Ale and Asiago
This bread is the result of a coworker giving me a chunk of Asiago cheese and asking if I could make bread with it. A friends home brewed ale sounded like it would round out the flavors. It also has some agave syrup, and a little fresh ground pepper. 40% of the flour was in a sourdough preferment and 25% was sprouted multigrain along with AP and just a little WWW. It came out to 72% hydration with beer and water.

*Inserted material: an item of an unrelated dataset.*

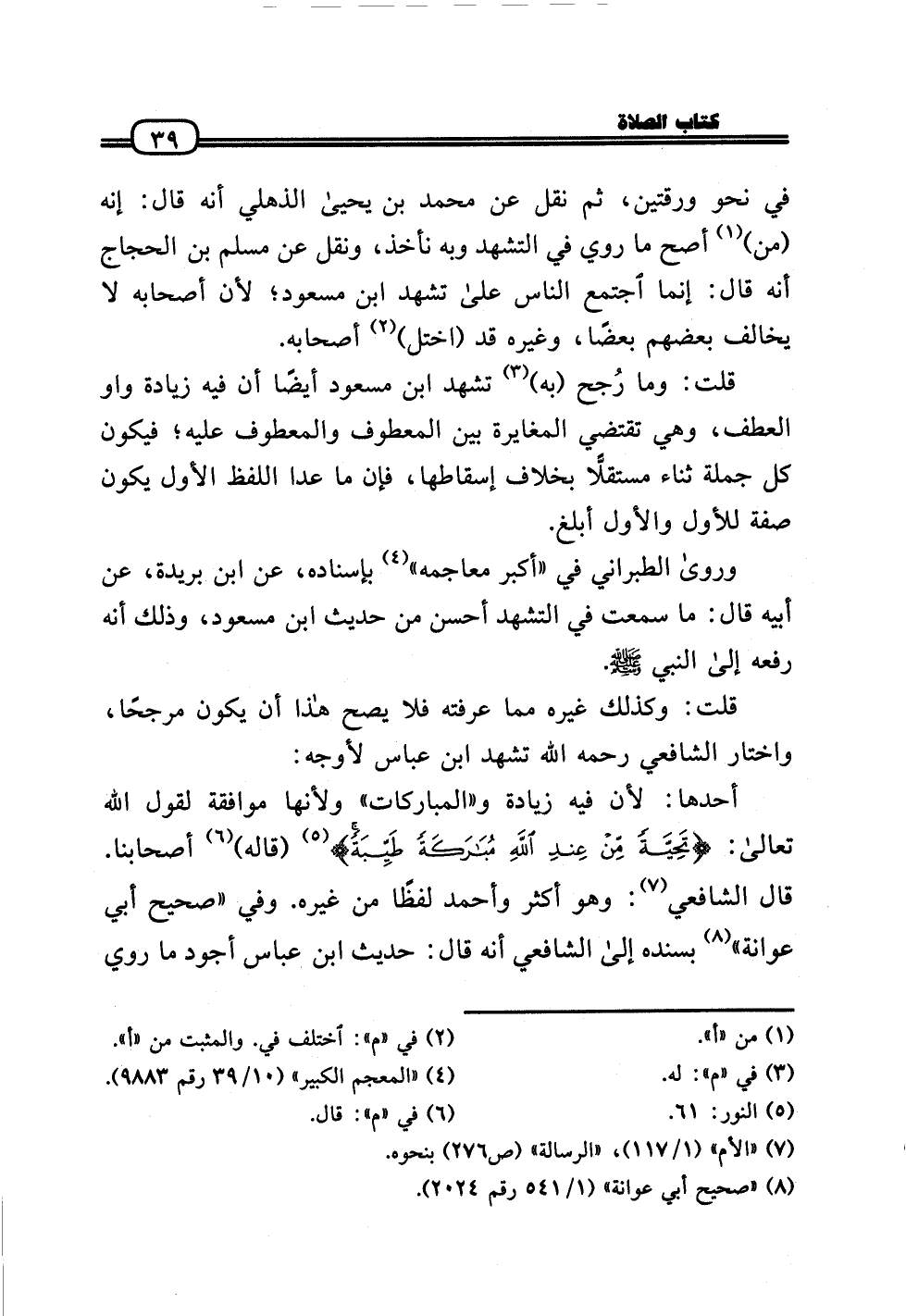 فِي نَحْو ورقتين، ثمَّ نقل عَن مُحَمَّد بن يَحْيَى الذهلي أَنه قَالَ: إِنَّه (من) أصح مَا رُوِيَ فِي التَّشَهُّد وَبِه نَأْخُذ، وَنقل عَن مُسلم بن الْحجَّاج أَنه قَالَ: إِنَّمَا اجْتمع النَّاس عَلَى تشهد ابْن مَسْعُود؛ لِأَن أَصْحَابه لَا يُخَالف بَعضهم بَعْضًا، وَغَيره قد (اخْتَلَّ) أَصْحَابه.

I can't say it is my favorite in terms of structure or taste. Got to figure out where those big holes come from, they were not planned and the crumb also has dense and too moist spots, maybe shaping is to blame. When tasting the cheese seems to have mostly disappeared even though you can see chunks of it I expected more out of assertive Asiago, it also has a slightly bitter aftertaste like it needed more sweetener. Oh well! I'll give the uncut loaf to the coworker everyone has there own tastes, maybe he will like it. I will also try it with the pot of beans that's for dinner, maybe it will go better with food instead of just butter.

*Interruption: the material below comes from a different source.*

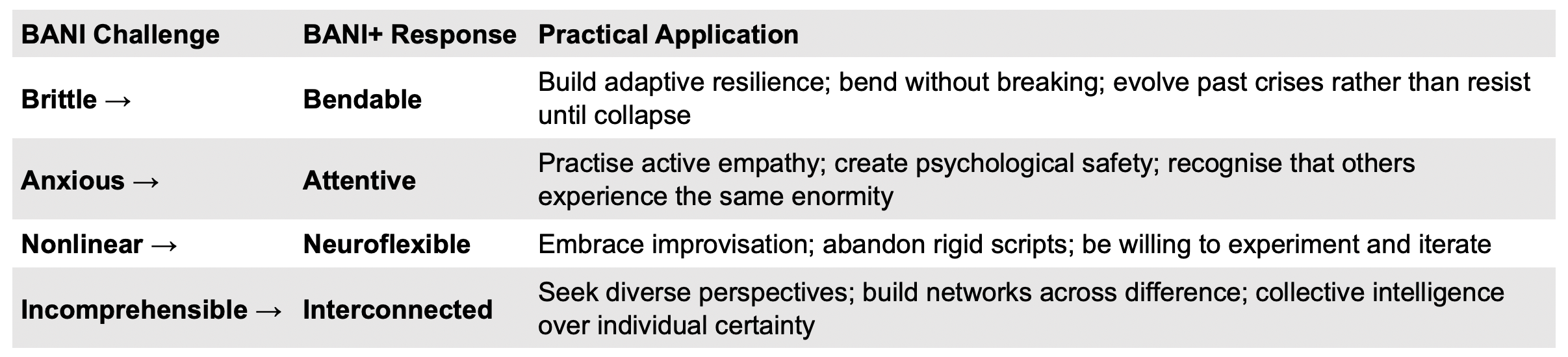 Response (How We Think): The corresponding positive frameworks - BANI+, VUCA Prime, FLUX - shift our orientation from describing problems to developing internal capacities: bendability, vision, experimental agility.

The brownies in the background make up for the bread. The recipe came from Martha Stewart and it is the first time using melted bittersweet chocolate instead of dry Hershey Coco, makes a big difference. The only change made was the addition of some pecans. Decadent stuff if your into chocolate.
Stu
Comments
I'm guessing it was fast to ferment and proof with so much levain in there. .There should be a rule that beer and cheese should always be tasty in bread if you ask me. It will still probably the best bread your coworker has had in a long time.
Happy baking
That is the largest preferment I've ever used so you are probably right about the holes. It did taste better with the beans, so maybe it was a hasty first impression. I think that an experiment with different levels of preferment is in the offing.
Hihi,
I had this problem before, to put in my two cents worth, this could be caused by using your pre-ferment too early or too late. Try using when it matures.
When I took my class earlier this year we had experimented with a high percentage of pre-ferment, the result was more sour which makes the gluten easier to tear.
Let us know if it helps ^^
Cheers
CeciC
That just gives me something else to experiment with. Seems like there is always another path to follow.